With a comet coming to destroy the earth, Denise and her mother and sister need to get to a shelter to survive the impact. Except Iris, her sister, is missing, and her mother is still struggling with drugs, making things so much harder for her. While running late, Denise and her mother stumble upon the opportunity to join a Generation ship, they must prove that their worth it to take along.
Why this book?: The main character is autistic and it’s also #OwnVoices! Also, I’m in a huge sci-fi/dystopia mood.
Shaky and slow
While the first few chapters of On the Edge of Gone were enough to catch my interest, I noticed straight away that there were some obvious flaws. I found the pacing to be jerky, and I wasn’t fully aware of what the story was supposed to be about most of the time. Multiple times the plot changed course, and it almost felt like it was being lengthened out for length’s sake.
The pacing was also horribly slow. With Denise going from one task to another, it was hard to focus on the story and the plot that was supposed to be unfolding. While Denise herself was an enjoyable character, I found other characters to not be developed as well. Max wasn’t developed past the basic ideas of his character, and I felt that he had little purpose until the ending, which came completely out of nowhere.
I will forever love the depiction of autism in this novel. While I have no experience with autism myself, I do know that the author herself has autism, making this an #OwnVoices book. Not only did Denise have autism, but she was also a biracial, Dutch girl. Her sister, Iris, is transgender, and she also meets Muslim characters. Samira, one of the Muslim character, specifically stood out to me because she wore a hijab.

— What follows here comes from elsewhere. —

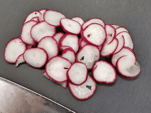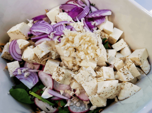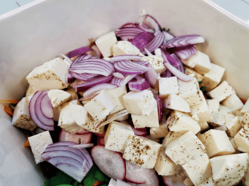 Адыгейский сыр нарезать кубиками и приправить черным перцем.

A lot of love went into this novel, ultimately for the diversity and honesty that Duyvis included. The focus on diversity may have been her downfall though, because there was obvious lack of plotting that made this novel hard to get through.
Final Rating: ★★★☆☆
I greatly enjoyed the diversity that Duyvis included, but the plotting and pacing errors made it hard to read, and it took a long while to get through. Only a few of the characters seemed fully developed, so it made it hard to connect with a few, even when faced with possible deaths.
Would I Recommend?
On the Edge of Gone has such an honest depiction of autism that I can’t not recommend it. However, the novel length and the pacing made it hard, so either be aware of that, or go into it not expecting it to follow the synopsis.
Published: March 8th, 2016
Publisher: Amulet Books
Page Count: 456
Genre: YA/Science Fiction/Dystopia
Synopsis: via Goodreads
January 29, 2035.
That’s the day the comet is scheduled to hit—the big one. Denise and her mother and sister, Iris, have been assigned to a temporary shelter near their hometown of Amsterdam to wait out the blast, but Iris is nowhere to be found, and at the rate Denise’s drug-addicted mother is going, they’ll never reach the shelter in time.

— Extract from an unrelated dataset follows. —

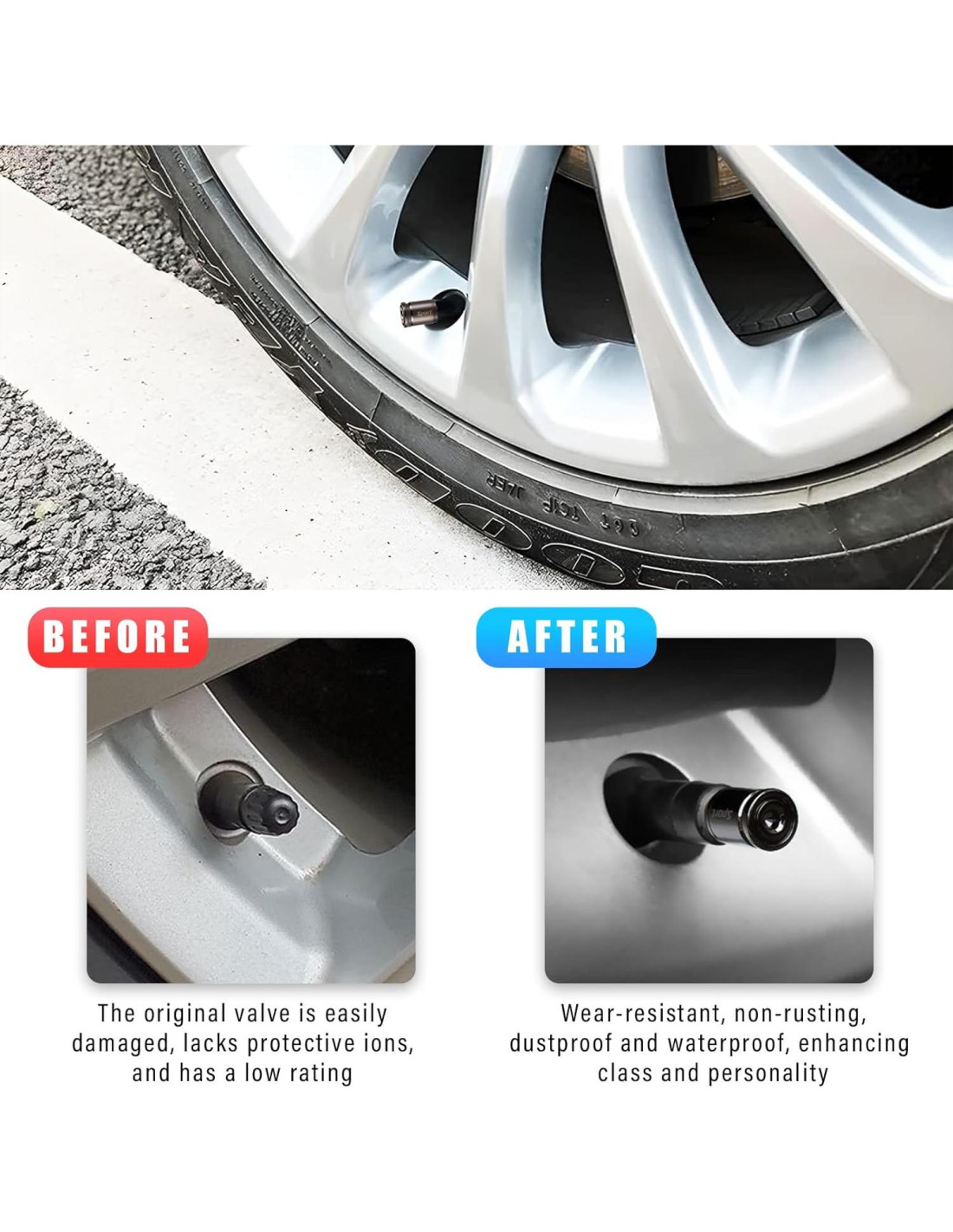 - Acero Inoxidable de Alta Calidad: El tapón de válvula está hecho de acero inoxidable de alta calidad. Tiene una fuerte resistencia a la corrosión y durabilidad en comparación con otros materiales, lo que previene eficazmente que su válvula se ensucie y se corroe. Más importante aún, no se oxidará incluso en un ambiente húmedo durante mucho tiempo, lo que garantiza la seguridad al conducir.

Then a last-minute encounter leads them to something better than a temporary shelter: a generation ship that’s scheduled to leave Earth behind and colonize new worlds after the comet hits. But each passenger must have a practical skill to contribute. Denise is autistic and fears that she’ll never be allowed to stay. Can she obtain a spot before the ship takes flight? What about her mother and sister?
When the future of the human race is at stake, whose lives matter most?